More disruptive attacks
More and more aspects of our lives are becoming dependent on technology and connectivity to the internet. As a ensue, we present a much wider attack surface than ever before. It’s likely, therefore, that we will see more disruptive attacks in the future. On the one hand, this interruption could be the result of a directed, orchestrated assault, designed to affect critical infrastructure. On the other hand, it could be collateral injury that occurs as a side-effect of a large-volume ransomware attack targeting organizations that we use in our day-to-day lives, such as educational institutions, supermarkets, postal services and public transportation.

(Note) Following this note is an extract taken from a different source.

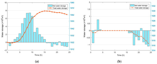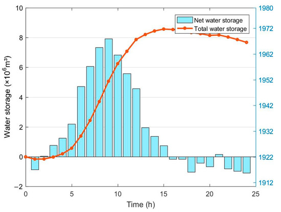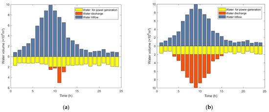 Figure 13 and Figure 14 show the comparison of inflow, discharge, net storage, and total reservoir storage between the hydropower and wind power joint dispatch based on hedging theory and conventional dispatch. Figure 13b shows the changes in the storage capacity of the conventional reservoir operation. In order to ensure the safety of flood control during the flood season, the storage capacity of the reservoir is guaranteed to be below the storage capacity (1922 × 106 m3) corresponding to the flood limit water level (583 m). When the water storage is less than 1922 × 106 m3, or the incoming water volume is less than the power generation water volume, the water volume beyond the completion of the power generation plan can be stored in the reservoir, as shown in Figure 13b for period 1–period 3. When the water storage reaches 1922 × 106 m3, the reservoir must safely discharge the excess storage, as shown in Figure 13b during the period 4–15. Additionally, in order to prevent water abandonment, the hydropower station is generally full-load at this time, which is not conducive to the smooth output of wind power and hydropower joint output. After time period 16, when the inflow of the reservoir is less than the water consumption for power generation, the reservoir needs to use the storage capacity below the flood limit water level for power generation. The original dispatch plan made the water resources underutilized. In Figure 13a, the hydropower and wind power joint dispatch scheme based on hedging theory uses public storage capacity to pre-store the excess water in the reservoir during periods of large inflows. Additionally, when the inflow of water and the inflow of the downstream area suddenly increase, the excess water in the reservoir can be safely discharged. Then, the water level drops back to the flood limit water level, making full use of flood resources on the basis of ensuring the safety of reservoirs and downstream control stations.

Attacker will continue to exploit the COVID-1 9 pandemic
The world has been turned upside down by COVID-1 9, which has impacted nearly every aspect of our lives this year. Attackers of all kinds were quick to grab the opportunity to exploit the keen interest in this topic, including APT threat actors. As we have noted before, this did not mark a change in TTPs, but simply a persistent topic of interest that they could use as a social engineering enticement. The pandemic will continue to affect our lives for some time to come; and menace actors will continue to exploit this to gain a foothold in target systems. During the last six months, there have been reports of APT groups targeting COVID-1 9 research center. The UK National Cyber Security Centre( NCSC) stated that APT2 9( aka the Dukes and Cozy Bear) targeted COVID-1 9 vaccine growing. This will remain a target of strategic interest to them for as long as the pandemic lasts.